Available data below:

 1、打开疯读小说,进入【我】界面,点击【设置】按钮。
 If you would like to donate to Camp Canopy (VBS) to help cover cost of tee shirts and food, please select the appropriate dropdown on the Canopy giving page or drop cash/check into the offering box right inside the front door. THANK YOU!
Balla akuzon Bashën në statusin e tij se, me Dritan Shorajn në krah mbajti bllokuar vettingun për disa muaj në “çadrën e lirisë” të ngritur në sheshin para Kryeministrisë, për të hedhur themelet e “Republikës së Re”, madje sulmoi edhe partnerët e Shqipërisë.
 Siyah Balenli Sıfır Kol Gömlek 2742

End of Available data.
Available data below:

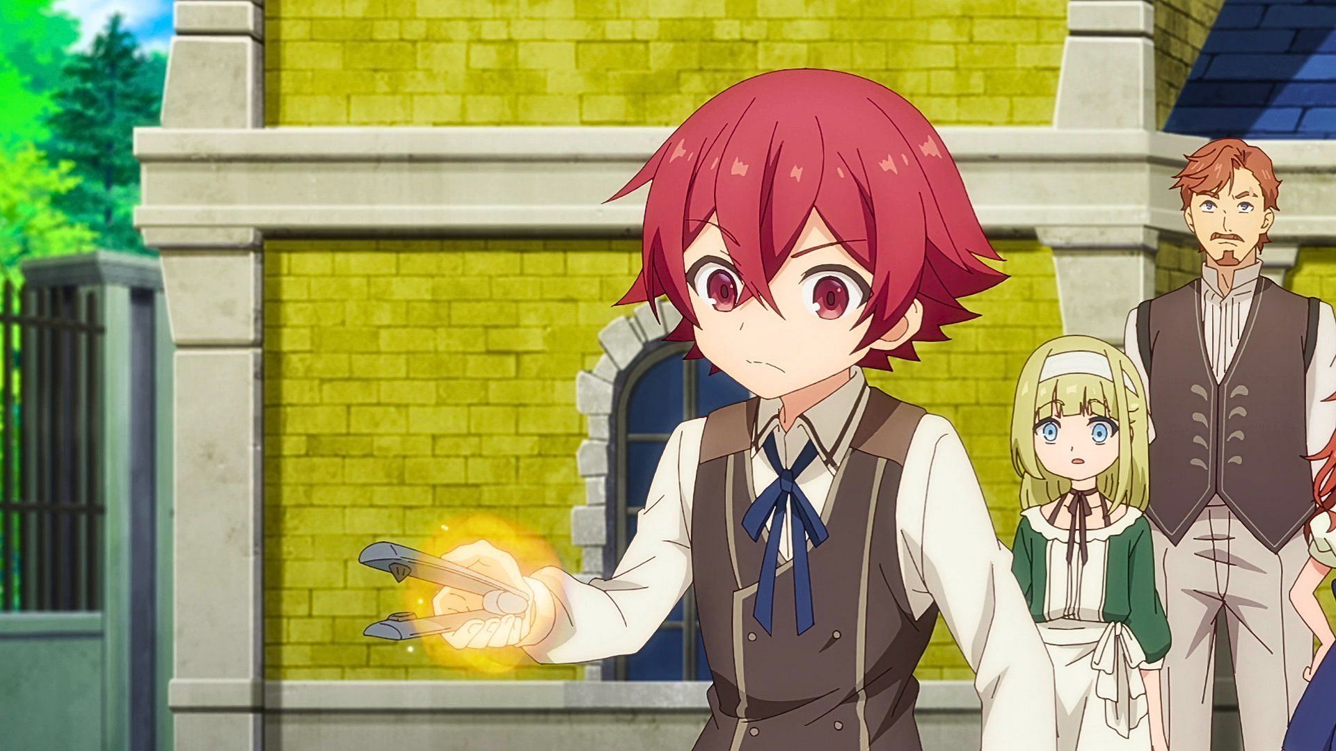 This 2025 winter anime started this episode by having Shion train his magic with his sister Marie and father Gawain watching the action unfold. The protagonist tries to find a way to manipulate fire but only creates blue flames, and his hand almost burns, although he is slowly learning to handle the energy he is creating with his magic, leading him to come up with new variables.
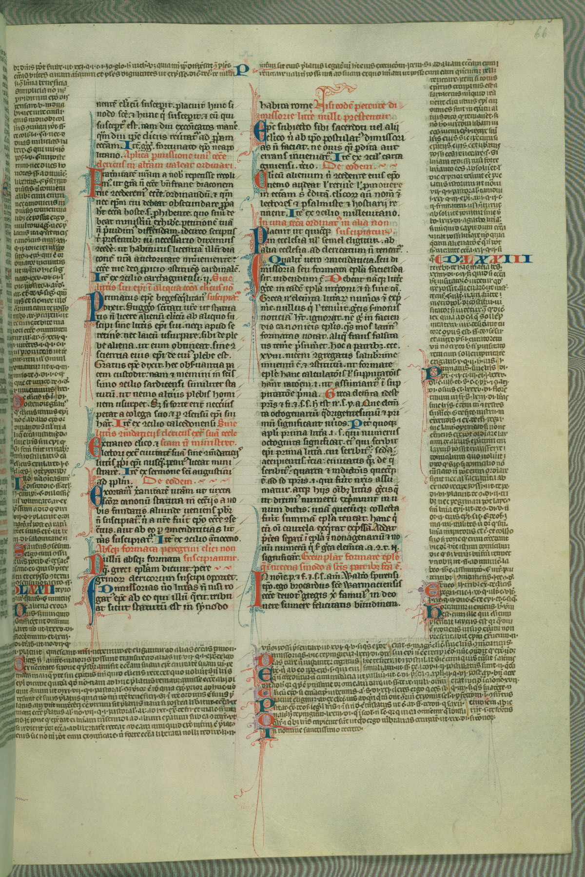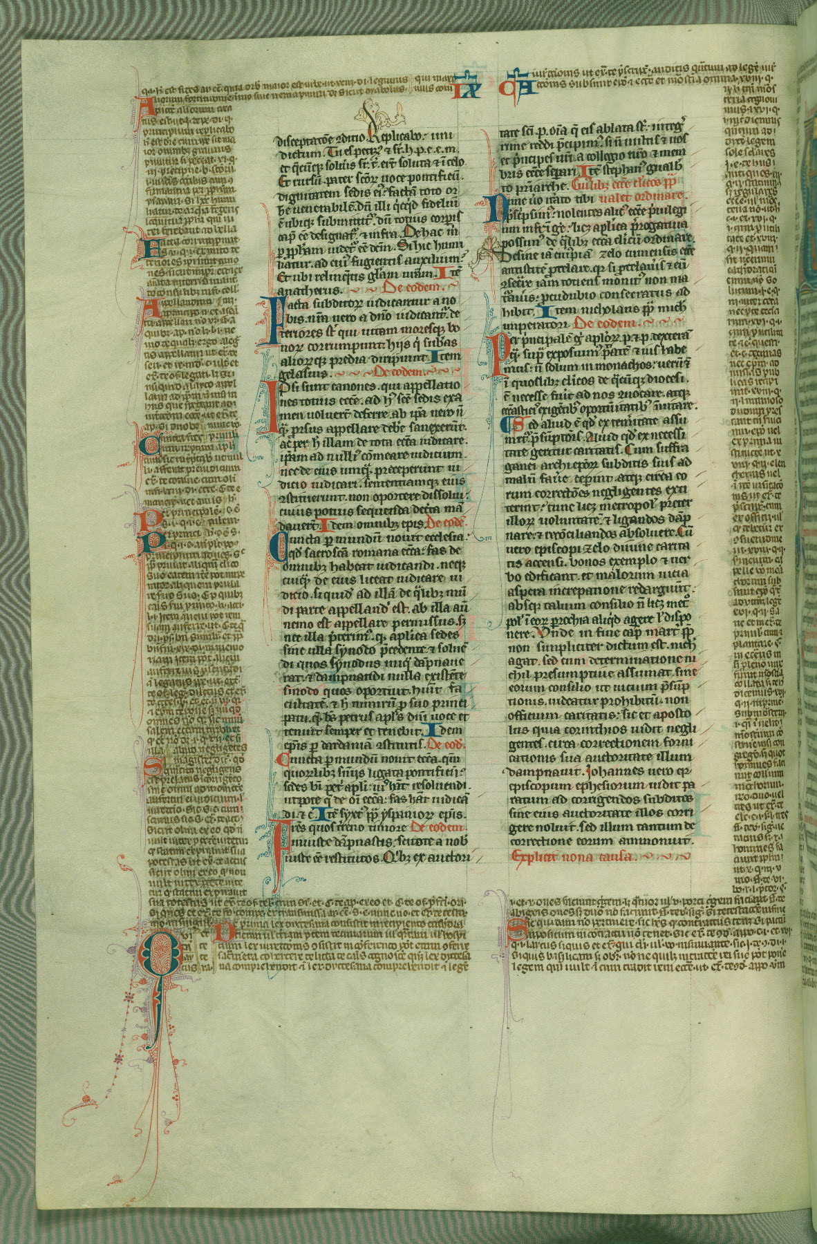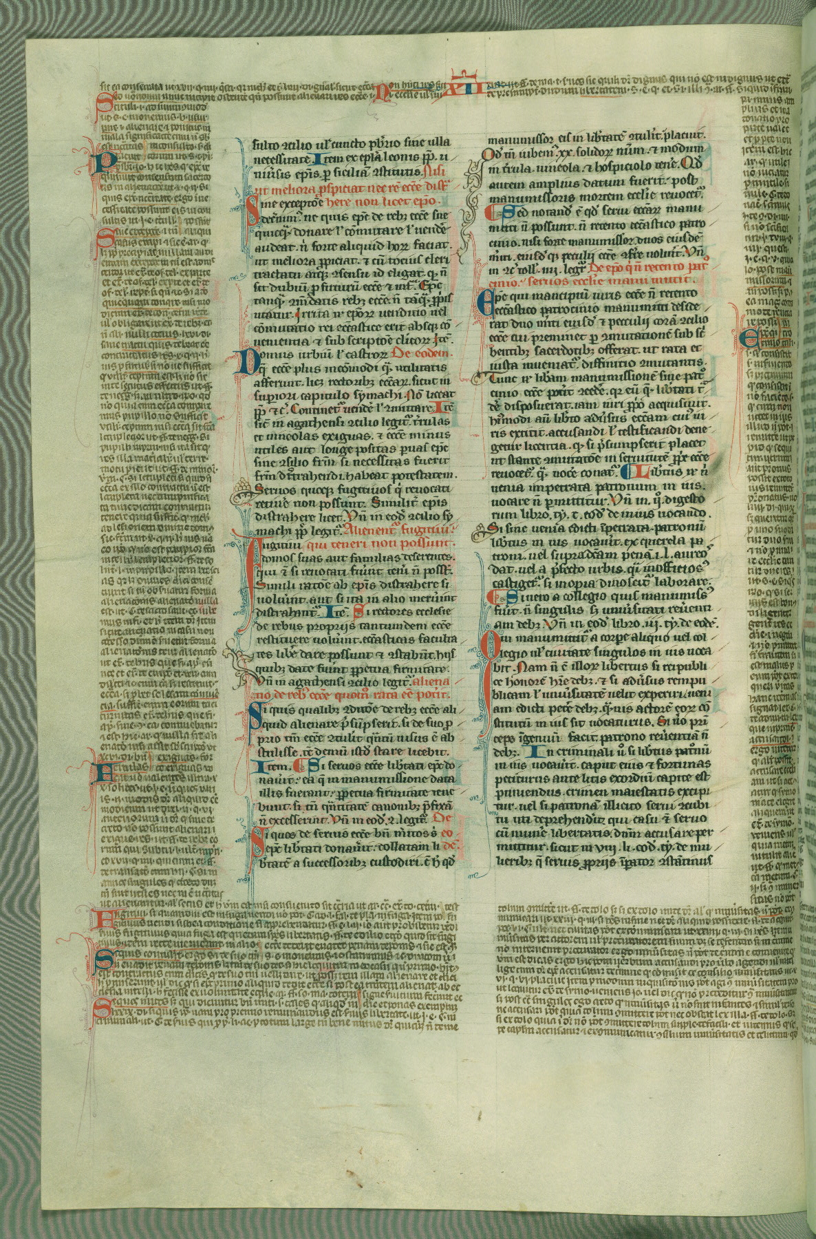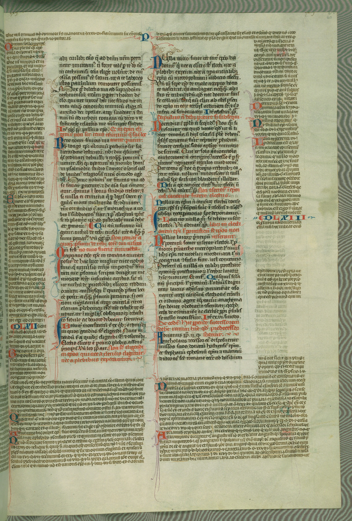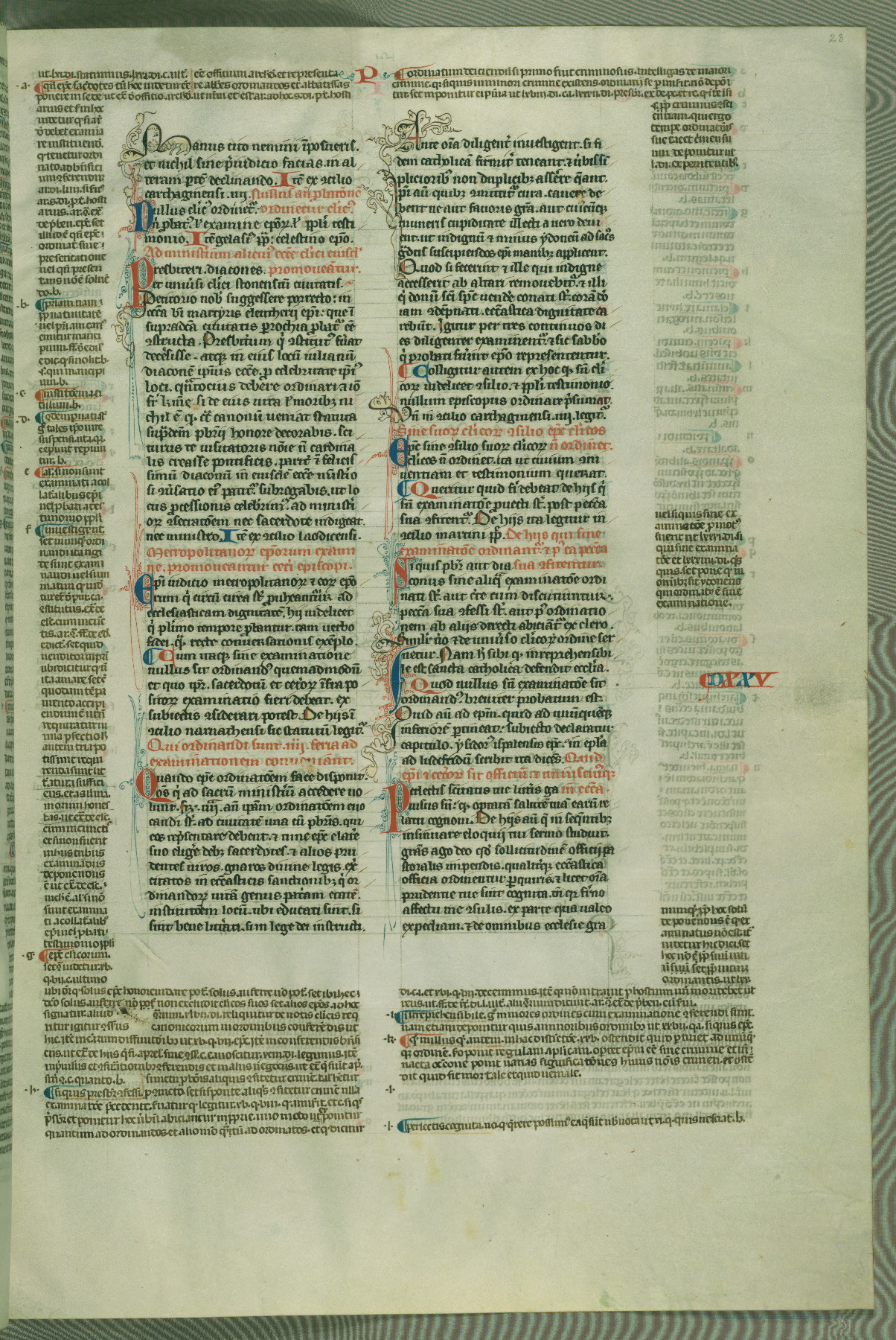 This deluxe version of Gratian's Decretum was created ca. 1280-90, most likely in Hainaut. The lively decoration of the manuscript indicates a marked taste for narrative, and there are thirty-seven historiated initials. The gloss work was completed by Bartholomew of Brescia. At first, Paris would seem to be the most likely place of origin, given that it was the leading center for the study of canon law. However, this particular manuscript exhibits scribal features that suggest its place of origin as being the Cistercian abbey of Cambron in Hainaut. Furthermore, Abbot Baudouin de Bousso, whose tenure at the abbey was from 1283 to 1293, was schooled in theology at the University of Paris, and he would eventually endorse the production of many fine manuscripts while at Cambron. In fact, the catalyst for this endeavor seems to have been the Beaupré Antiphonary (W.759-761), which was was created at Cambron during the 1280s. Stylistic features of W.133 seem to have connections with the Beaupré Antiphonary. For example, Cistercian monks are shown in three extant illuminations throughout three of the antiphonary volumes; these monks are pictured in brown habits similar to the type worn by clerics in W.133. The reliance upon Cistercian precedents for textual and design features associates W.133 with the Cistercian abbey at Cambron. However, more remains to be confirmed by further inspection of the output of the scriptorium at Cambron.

End of Available data.

What to produce:
The lines to extract from the data above begin with the line containing "If you would" and end with the line containing "Siyah Balenli Sıfır Kol Gömlek 2742". Extract them exactly, including both.

Exercise solution:
 If you would like to donate to Camp Canopy (VBS) to help cover cost of tee shirts and food, please select the appropriate dropdown on the Canopy giving page or drop cash/check into the offering box right inside the front door. THANK YOU!
Balla akuzon Bashën në statusin e tij se, me Dritan Shorajn në krah mbajti bllokuar vettingun për disa muaj në “çadrën e lirisë” të ngritur në sheshin para Kryeministrisë, për të hedhur themelet e “Republikës së Re”, madje sulmoi edhe partnerët e Shqipërisë.
 Siyah Balenli Sıfır Kol Gömlek 2742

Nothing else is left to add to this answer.